Well, I am not going to speak about CRA today, but I find the analogy with AWS Amplify quite relevant.

Ready to go?

I will start with the basics and go deeper progressively, so feel free to skip to the section that interests you the best:

  1. It does everything, even the coffee, right?
  2. So what’s the deal, should I use it?
  3. Integrating into a real-world project
  4. Final thoughts

This article is the logical continuation of previous articles I wrote about serverless architectures and the Serverless framework. If you feel a bit lost at some point, you should have a quick look at these two articles:

1. It does everything, even the coffee, right?

Sorry to disappoint you, but the coffee category does not exist yet (I'm sure it's in the roadmap though). However, it's doing plenty of other cool things! After experiencing with it on a side project for 5 months, if I had to sum up Amplify in a sentence this is what I would say:

Amplify is a full-stack serverless framework

Before Amplify, AWS was already providing a great Backend as a Service (BaaS) toolset, meaning you were able to create a complete serverless backend without managing anything (including API, storage, database, authentication, authorization, …). But when it comes to integrating with your frontends (web or mobile), you were left alone with no pre-designed architectures recommendations. This is, I think, the main innovation brought by Amplify.

So, what is amplify made of?

  • A CLI, this is where it all starts. Run npm install -g @aws-amplify/cli and start your project. The CLI allows you to create a project and add resources from various categories in it (api, auth, hosting, storage, …). Under the hood, it creates CloudFormation stacks and manages them.
  • An API as a service: simply configure your data model using GraphQL Schema Definition Language (SDL), and Amplify will take care of creating and managing all the resources for you (DynamoDB tables, AppSync resolvers, Lambda functions, …). It also offers subscription using WebSockets to add some real-time features to your app.
  • A user management system, on top of Cognito User Pool and Cognito Federated Identities. Handle MFA, social providers and all the boring stuff in a snap.
  • A static website hosting service. Running amplify push in the configured environments will build your frontend app, deploy it on S3 and configure a CloudFront distribution for you. This is very similar to Netlify.
  • A UI library. Amplify provides UI components for React, React Native, Angular, Ionic, and Vue. Don’t expect too much on this, but I find the Authenticator component quite useful when building a prototype.
  • A CI/CD platform. Yep, with Amplify Console you can setup a proper CI/CD pipeline that follows the git flow, create feature environments on-the-fly, configure domains and restrict access, well all your DevOps!
  • Analytics (user tracking), push notifications, AR/VR, machine learning, chatbots, and probably more to come. I feel that AWS is using Amplify to showcase lots of new features.

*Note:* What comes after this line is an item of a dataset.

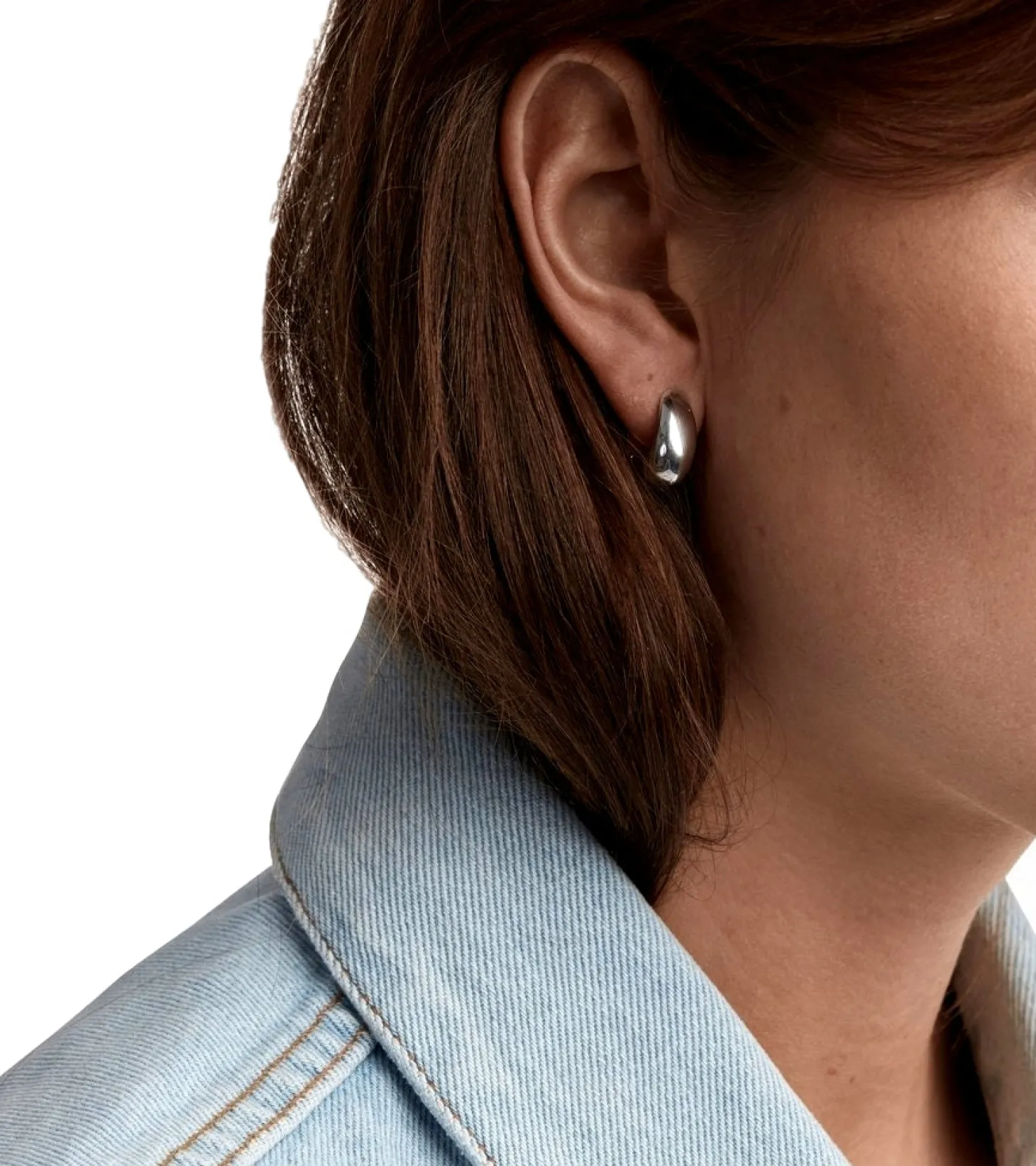 Ice Hoops Small er inspirert av måten isbiter har en tendens til å smelte til en mer buet og skinnende form. Ice Hoop er laget i resirkulert 925 sterling sølv av høy kvalitet, belagt med hvit rhodium for å styrke overflaten.

2. So what's the deal, should I use it?

Well, it depends on your use case.


  • Focus on your business, do not reinvent the wheel. What is the point of building your own authentication system while you could use an existing one that already handles MFA, social providers, and all the enterprise features?
  • Prototype cool things with Amplify and eject features one by one when you have to. Amplify allows you to do high-quality proof of concepts at no cost, so why not take advantage of it? As an example, you could build your API with generated AppSync resolvers and replace them one by one by custom resolvers when required (similarly to Create React App).
  • Good multi-environment design for good DevOps. You can bootstrap new environments on the fly. Also, your amplify environments can follow your git workflow.
  • Serverless and cheap as hell. In most cases, the free-tier should be enough. My 4 environments (production, staging, and 2 users) only cost me a 2–3$ a month in total, and most of it is the CI/CD, which won't scale in the same proportion that resources (like compute or storage).

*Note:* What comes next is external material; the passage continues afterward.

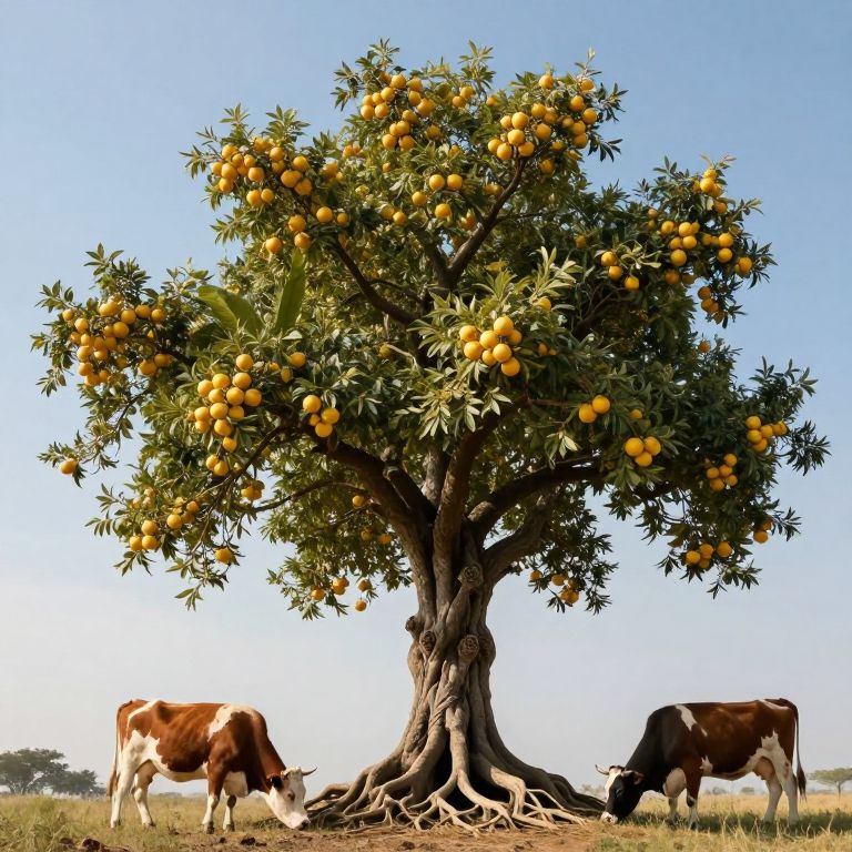 A majestic tree adorned with golden fruits defies gravity as its branches extend into the sky, while two celestial cows graze serenely beneath its roots, creating a surreal harmony between earth and heavens.

  • A steep learning curve. Integrating all these modern technologies implies understanding their inner mechanism if you want to go beyond the examples. However, once you get the experience, it's as easy as pie!
  • Limitations of the framework. While it is heavily maintained by AWS, some small issues can be really blocking and prevent you from using it.
  • Strong AWS lock-in. Don't go for Amplify if you're thinking about migrating to another cloud provider, it’s obvious.

My recommendation would be to try it on a side project to understand it better and gain experience, and then decide by yourself if it fits your application.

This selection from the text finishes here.